This content originally appeared on DEV Community and was authored by Hulk Pham
TL;DR
Amazon EC2 Overview
- Amazon EC2 provides resizable compute capacity in the cloud, allowing users to provision virtual servers called EC2 instances
- EC2 instances can be launched, stopped, or terminated as needed, with pay-per-use pricing
Instance Configuration
- Amazon Machine Images (AMIs) are used to select the operating system and pre-installed software for EC2 instances
- EC2 instance types are optimized for different workloads, offering various combinations of CPU, memory, storage, and networking capacity
- Instances can be placed in specific Availability Zones, with at least two instances in separate zones recommended for high availability
EC2 Pricing Options
- On-Demand Instances offer pay-as-you-go pricing with no upfront costs or long-term commitments
- Spot Instances allow users to bid on spare EC2 capacity, potentially providing significant cost savings
- Reserved Instances and Savings Plans offer discounted rates for committing to consistent usage over 1 or 3-year terms
I. Servers and server types
The first building block that you need to host an application is a server. Servers can usually handle HTTP requests and send responses to clients following the client-server model. Although any API-based communication also falls under this model.
A client is a person or computer that sends a request. A server handling the requests is a computer, or collection of computers, connected to the internet serving websites to internet users. Servers power your application by providing CPU, memory, and networking capacity to process users’ requests and transform them into responses. For context, common HTTP servers include the following:
- Windows options, such as Internet Information Services (IIS)
- Linux options, such as Apache HTTP Server, Nginx, and Apache Tomcat
To run an HTTP server on AWS, you must find a service that provides compute power in the AWS Management Console. You can view the complete list of AWS compute services when you log in to the console.
If you’re responsible for setting up servers on AWS to run your infrastructure, you have many compute options. First, you need to know which compute service to use for each use case. At a fundamental level, three types of compute options are available: virtual machines (VMs), container services, and serverless.
If you have prior infrastructure knowledge, a virtual machine will often be the easiest compute option to understand. This is because a virtual machine emulates a physical server and allows you to install an HTTP server to run your applications, for example. To run virtual machines, you install a hypervisor on a host machine. In its simplest form, a hypervisor is software or firmware that makes it possible to share physical hardware resources across one or more virtual machines. The hypervisor provisions the resources to create and run your VMs.

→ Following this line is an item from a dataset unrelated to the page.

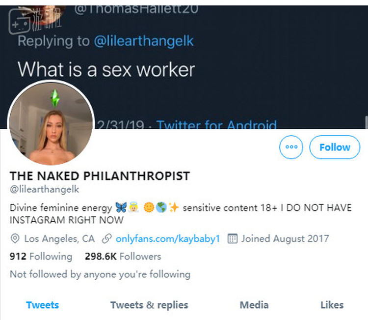 现在,她的推特账号已经改名为裸体慈善家。而账号背景则换成了一则网友对她提问的截图:“什么是性工作者?”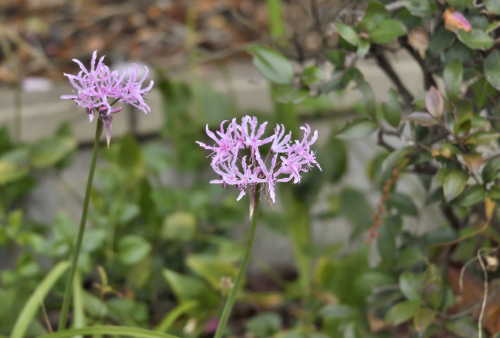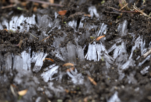 植え込みの陰で ひっそりと冬の花 霜柱

In AWS, Amazon Elastic Compute Cloud (Amazon EC2) is a web service that provides secure and resizable compute capacity in the cloud. You can provision virtual servers called EC2 instances. Behind the scenes, AWS operates and manages the host machines and the hypervisor layer. AWS also installs the virtual machine operating system, called the guest operating system.
Beneath the surface, some AWS compute services use Amazon EC2 or use virtualization concepts. You should understand this service before advancing to container services and serverless compute.
II. Amazon EC2
Amazon EC2 is a web service that provides secure, resizable compute capacity in the cloud. With this service, you can provision virtual servers called EC2 instances.
Amazon Elastic Compute Cloud (Amazon EC2)
With Amazon EC2, you can do the following:
- Provision and launch one or more EC2 instances in minutes.
- Stop or shut down EC2 instances when you finish running a workload.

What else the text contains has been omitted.